■ **What needs to be done**
Don't include pictures. Quote the lines below from the first through the line that contains "в 2,5 раза - с".
——
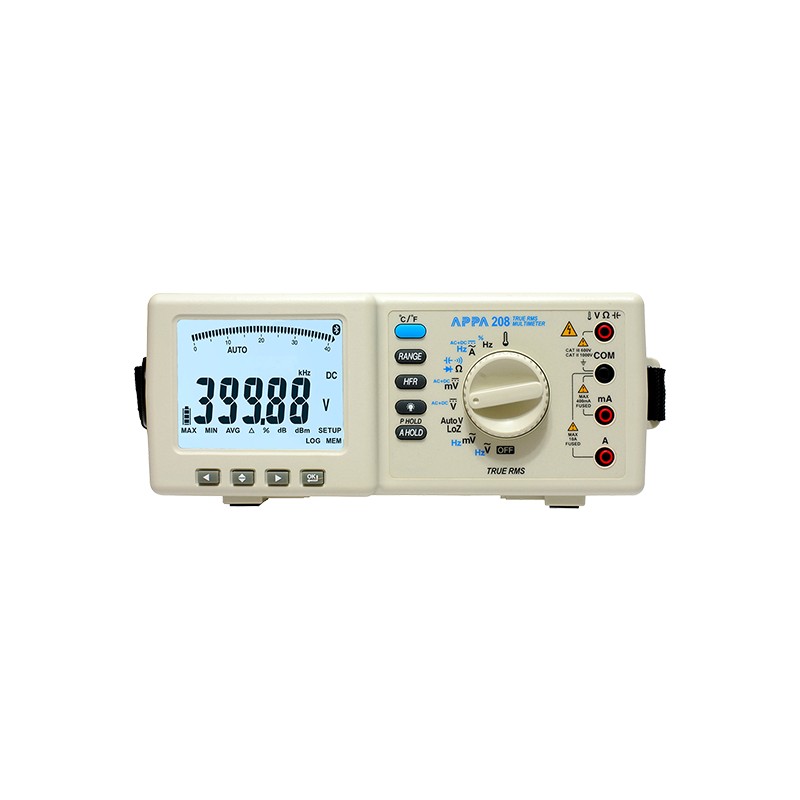 随仪器附送 | 测试导线, 背带, Power Cord, 使用手册, 温度探头, USB数据线, APPA Win万用电表208光盘软件 |
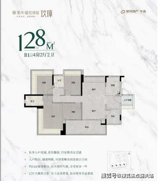 128㎡四+1房:独立入户花园增加收纳,厨房、客餐厅、主卧尺度大幅提升,主卧套房奢适感强。
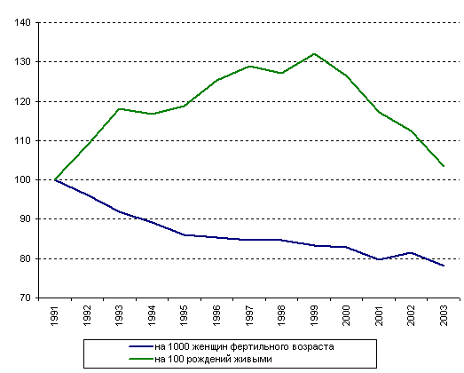 в 2,5 раза - с 90 на 1000 женщин фертильного возраста в 1991 году
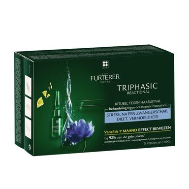 Рене Фюртерер Трифазик Серум против реакционен косопад с формула 2в1 за грижа за плътност и сила на косата. Неговото действие укрепва косата, ускорява растежа и забавя косопада. Формулата е със съставки с 97% естествен произход, които спомагат за удвояване на производството на кератин, подобряват структурата и плътността на косъма. Серумът укрепва отслабналите зони и скалпа, спомага за възобновяването на гъстотата и плътността на косъма и стимулира растежа. С лека текстура, свеж и деликатен аромат, не омазнява и не лепне. Дерматологично тестван, подходящ за чувствителен скалп. Може да се използва и по време на кърмене. След използване на косата е защитена, подсилена и укрепена, с кадифена мекота и подобрен външен вид. Предлага се в опаковка от 12 ампули, всяка по 5 мл.
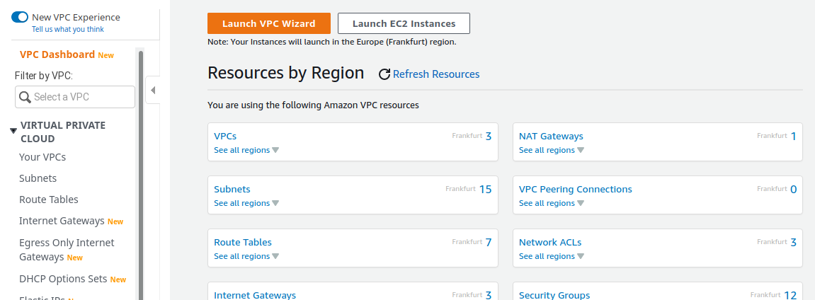 - Using the Find Services search tool, locate and browse to the VPC dashboard.
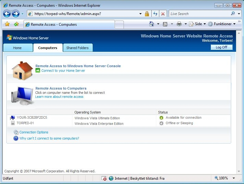 Du opnår fjernadgang via en ganske almindelig Internet Explorer-browser og kan herefter frit hente eller gemme filer på enten din Windows Home Server eller tilknyttede computere. Hvis du vel at mærke på forhånd har givet serveren og/eller den pågældende bruger de nødvendige rettigheder.
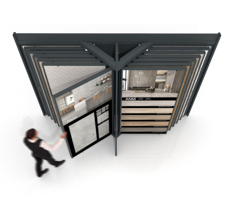 Kệ gạch cánh lật là thiết kế trưng bày gạch thông minh dành cho các showroom, cửa hàng bán gạch. Thiết kế giống như một cuốn sách, mỗi cánh bao gồm nhiều mẫu gạch khác nhau, có thể lật thông minh giúp cho khách hàng dễ dàng lựa chọn hơn.
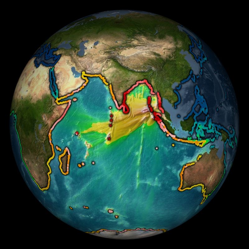 Questa animazione mostra perché questa rottura sud-nord è importante per comprendere il comportamento di questo tsunami e perché una simile rottura “progressiva” debba essere presa in considerazione per le future previsioni sullo tsunami. Se il terremoto avesse spostato la faglia per tutta la sua lunghezza, avrebbe inviato le più grandi ondate di tsunami perpendicolari alla faglia e così sarebbero passati a sud dello Sri Lanka. Il moto del terremoto, tuttavia, è iniziato nel sud e si è spostato verso nord lungo la faglia, così lo tsunami ha iniziato a irradiarsi da vicino a Sumatra prima che potesse essere generato vicino a Myanmar, causando così le più grandi ondate di tsunami in una direzione diversa tale da colpire lo Sri Lanka e la Somalia direttamente, coerentemente con le onde dello tsunami effettivamente osservate in quei paesi.
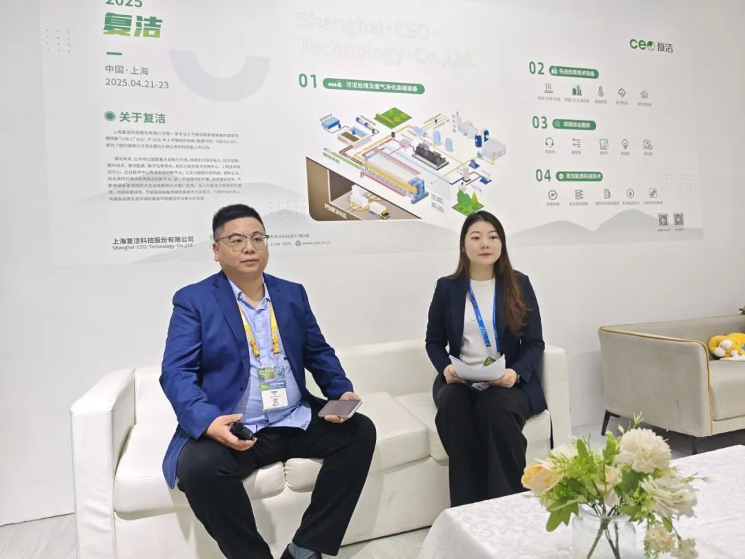 展会期间,公司董事、副总裁卢宇飞博士在“2025人工智能赋能下的污泥资源化循环利用技术论坛”上作“人工智能赋能背景下‘绿色-低碳-循环’的污泥无害化资源化创新实践”报告;公司副总裁倪明辉接受了E20环境平台专访,详细介绍了公司的核心产品和相关业务布局;捷碳科技副总经理包明鑫在“2025绿色工厂创新技术论坛”上发表了题为“解锁零碳密码——‘四步走’迈向净零未来”的主题演讲。公司在现场展位还举行了多场以污泥处理、先进热泵、清洁能源、双碳政策等主题的专题演讲,聚焦当下热点分享上海复洁的创新实践。
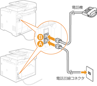 ファクス機能付きの電話機を接続する場合は、電話機側のファクス自動受信設定を無効にしてください。
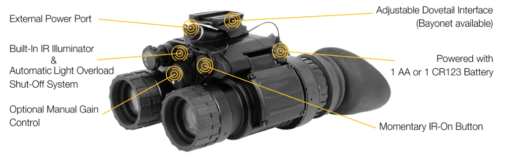 The device has an external power port that allows the NVG to be powered using a USB cable.
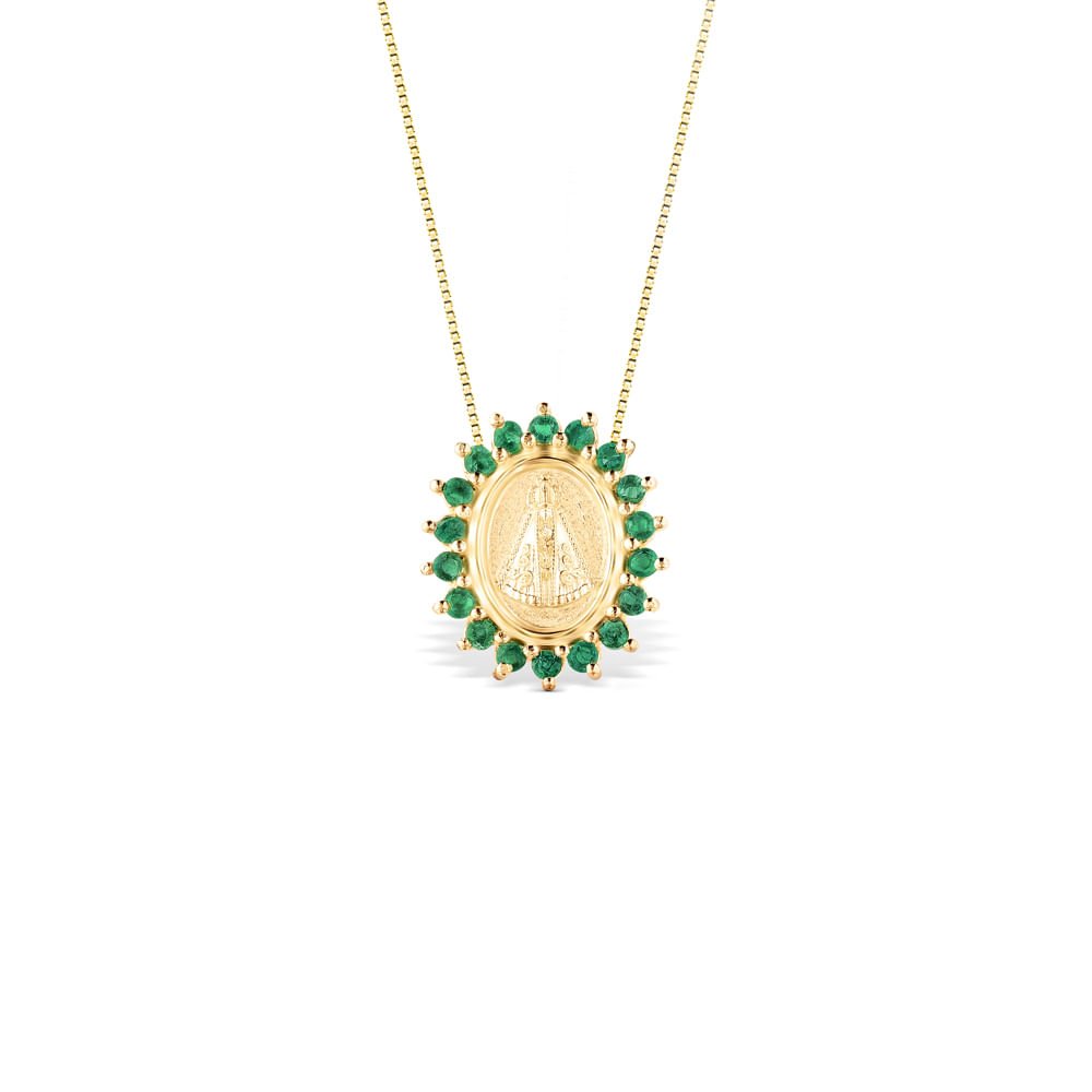Pingente Medalha N.Sra. Aparecida em Ouro Amarelo 18k com Esmeraldas
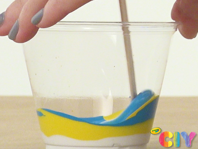 With a craft stick, mix together white, yellow, and blue acrylic paint in disposable cup.
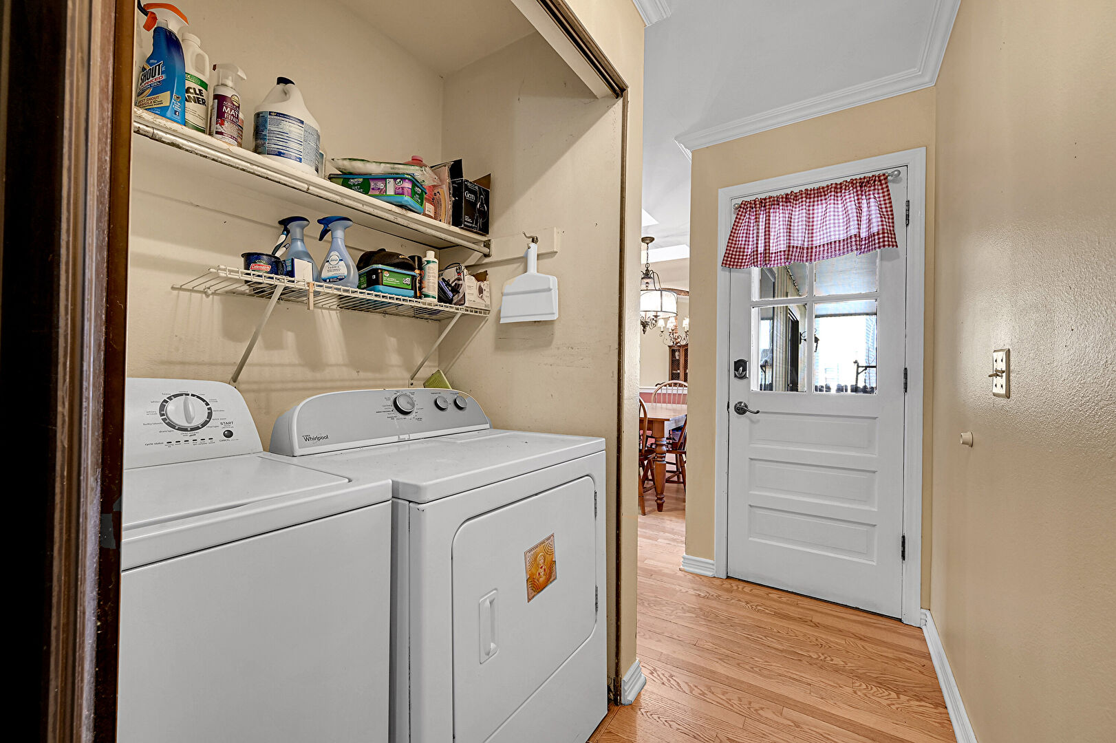 Baseboards Wall, Crown Molding, Drywall, Natural Light, Wood Finish Floor, Laundry
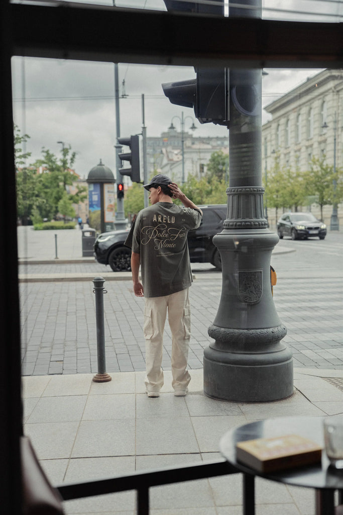 Šie laisvo kirpimo tamsiai mėlyni marškinėliai – tylus priminimas būti čia ir dabar. Pagaminti iš 100% organinės medvilnės, jie siūlo ne tik patogumą – jie atspindi požiūrį. Atsipalaidavęs siluetas natūraliai gula ant kūno, o ryškus nugaros užrašas „Dolce Far Niente“ primena, kad ramybė – tai pasirinkimas, o gebėjimas jausti – tikroji stiprybė.
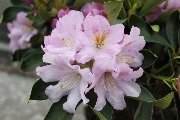 Классика среди розовоцветковых рододендронов – крупноцветковый гибрид ‘Furnivall’s Daughter’. Соцветия этого нежного гиганта кажутся идеальными сферами, а яркий центр с красивыми тычинками только подчеркивает красоту нежного холодного окраса лепестков.
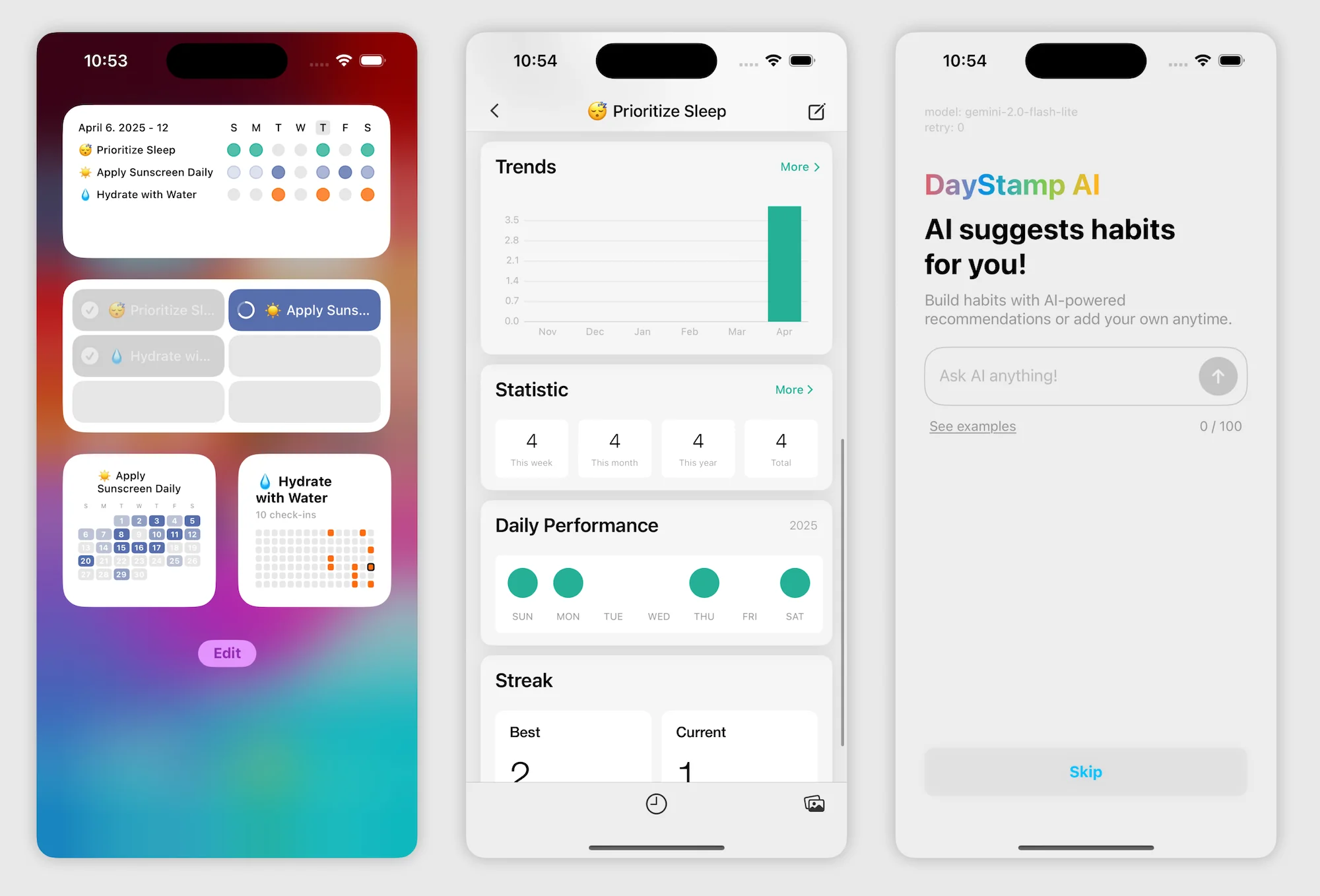The app needed to let users create habits they want to track, mark habits as complete each day, see a streak counter for each habit, view a weekly overview of their progress, and have their data persist across sessions.
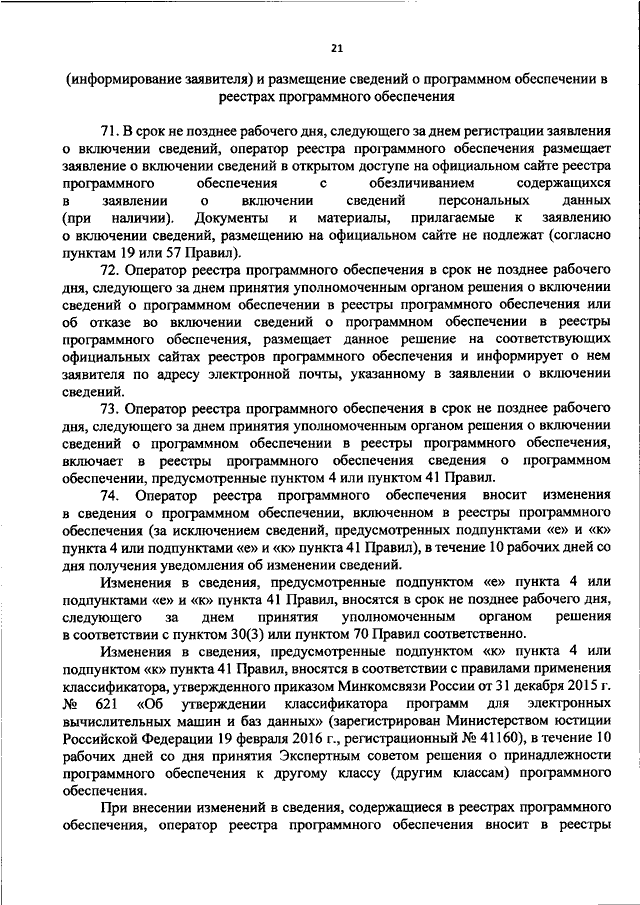 "ОБ УТВЕРЖДЕНИИ АДМИНИСТРАТИВНОГО РЕГЛАМЕНТА ПРЕДОСТАВЛЕНИЯ МИНИСТЕРСТВОМ ЦИФРОВОГО РАЗВИТИЯ, СВЯЗИ И МАССОВЫХ КОММУНИКАЦИЙ РОССИЙСКОЙ ФЕДЕРАЦИИ ГОСУДАРСТВЕННОЙ УСЛУГИ ПО ФОРМИРОВАНИЮ И ВЕДЕНИЮ ЕДИНОГО РЕЕСТРА РОССИЙСКИХ ПРОГРАММ ДЛЯ ЭЛЕКТРОННЫХ ВЫЧИСЛИТЕЛЬНЫХ МАШИН И БАЗ ДАННЫХ И ЕДИНОГО РЕЕСТРА ЕВРАЗИЙСКИХ ПРОГРАММ ДЛЯ ЭЛЕКТРОННЫХ ВЫЧИСЛИТЕЛЬНЫХ МАШИН И БАЗ ДАННЫХ"
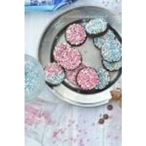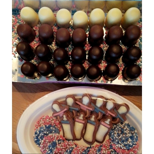 Ik heb blauwe paaseieren gehaald en ik ga witte chocolade fudge maken met blauwe muisjes. Ook dip ik mini stroopwafels in witte chocolade en ook daarover gaan blauwe muisjes.
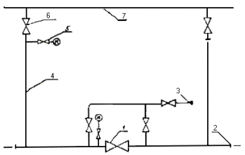 Рис. 3. Принципиальная схема предварительного испытания кранового узла природным газом: 1 - крановый узел; 2 - заглушка; 3 - свеча; 4 - перемычка; 5 - манометр; 6 - кран на перемычке; 7 - действующий газопровод 15. Необходимо соблюдать следующий порядок подачи газа в крановый узел (рис. 3 прил. 3): открыть запорную арматуру на крановом узле и свече; открыть кран у источника природного газа таким образом, чтобы, поддерживая давление не более 0,1-0,2 МПа (1-2 кгс/см2) обеспечить плавную подачу газа в испытываемый крановый узел с перемычками для полного вытеснения воздуха через свечу из всех коммуникаций и кранового узла. Определяемое газоанализатором содержание кислорода в выходящей из свечи газовоздушной смеси должно быть не более 2 %; закрыть кран на свече и осуществить подъем давления до испытательного. 16. Параметры и критерии оценки испытания на прочность и проверки на герметичность природным газом такие же, как при испытании сжатым воздухом. 17. В случае обнаружения утечек следует немедленно прекратить подачу газа и испытание, сбросить давление до 0,0002 - 0,0005 МПа (от 0,002 - 0,005 кгс/см2) и устранить дефекты с соблюдением требований к огневым работам. Рекомендуемое ОСНОВНЫЕ ПОЛОЖЕНИЯ ПО РАЗРАБОТКЕ СПЕЦИАЛЬНОЙ (РАБОЧЕЙ) ИНСТРУКЦИИ ПО ОЧИСТКЕ ПОЛОСТИ И ИСПЫТАНИЮ 1. Специальная (рабочая) инструкция по очистке полости и испытанию состоит из текстовой части, технологической схемы и графика производства работ. 2. В специальную рабочую инструкцию по ОПИУ (ОПИ) должны быть включены: титульный лист, в котором указано название данной инструкции с подписями председателя комиссии и представителей организаций, с которыми согласован этот документ; текстовая часть, содержащая: а) наименование испытываемого объекта (участка) с указанием его границ с привязкой к километровым, пикетным, реперным или другим знакам, предусмотренным рабочим проектом трубопровода; б) описание технологической схемы объекта (участка) в полном соответствии с исполнительной документацией, а также с указанием всех дополнительных соединений, врезок, арматуры, контрольно-измерительных приборов и т.д., выполненных специально для проведения ОПИ. Вся указанная в описании арматура и трубопроводы должны быть обозначены номерами, которые соответствуют номерам на рабочей схеме производства работ; в) перечисление отдельных участков производства ОПИ с указанием: границ этих участков; способов производства работ; методов ограничения (заглушки, арматура и т.п.); величины давления в конечных и контрольных точках; г) указание мест установки контрольно-измерительных приборов, их класс точности; д) перечень источников и средств для закачивания (воды, воздуха, газа, нефти и т.п.) с указанием их комплектации и производительности, а также описание схем подключения их к трубопроводу; е) описание технологии производства работ по ОПИ, в том числе: расчет потребности в средах (вода, воздух, газ, нефть и т.п.) для ОПИ с учетом резерва, необходимого для проведения дополнительных работ в случаях возникновения отказов; порядок и последовательность всех проводимых переключений и отключений арматуры на линейной части трубопроводов, а также на узлах подачи закачиваемых сред при выполнении всех этапов ОПИ, в том числе производства огневых работ и работ по ликвидации аварийных ситуаций; описание операции вытеснения из
——
■ **Solution to this exercise**
 随仪器附送 | 测试导线, 背带, Power Cord, 使用手册, 温度探头, USB数据线, APPA Win万用电表208光盘软件 |
 128㎡四+1房:独立入户花园增加收纳,厨房、客餐厅、主卧尺度大幅提升,主卧套房奢适感强。
 в 2,5 раза - с 90 на 1000 женщин фертильного возраста в 1991 году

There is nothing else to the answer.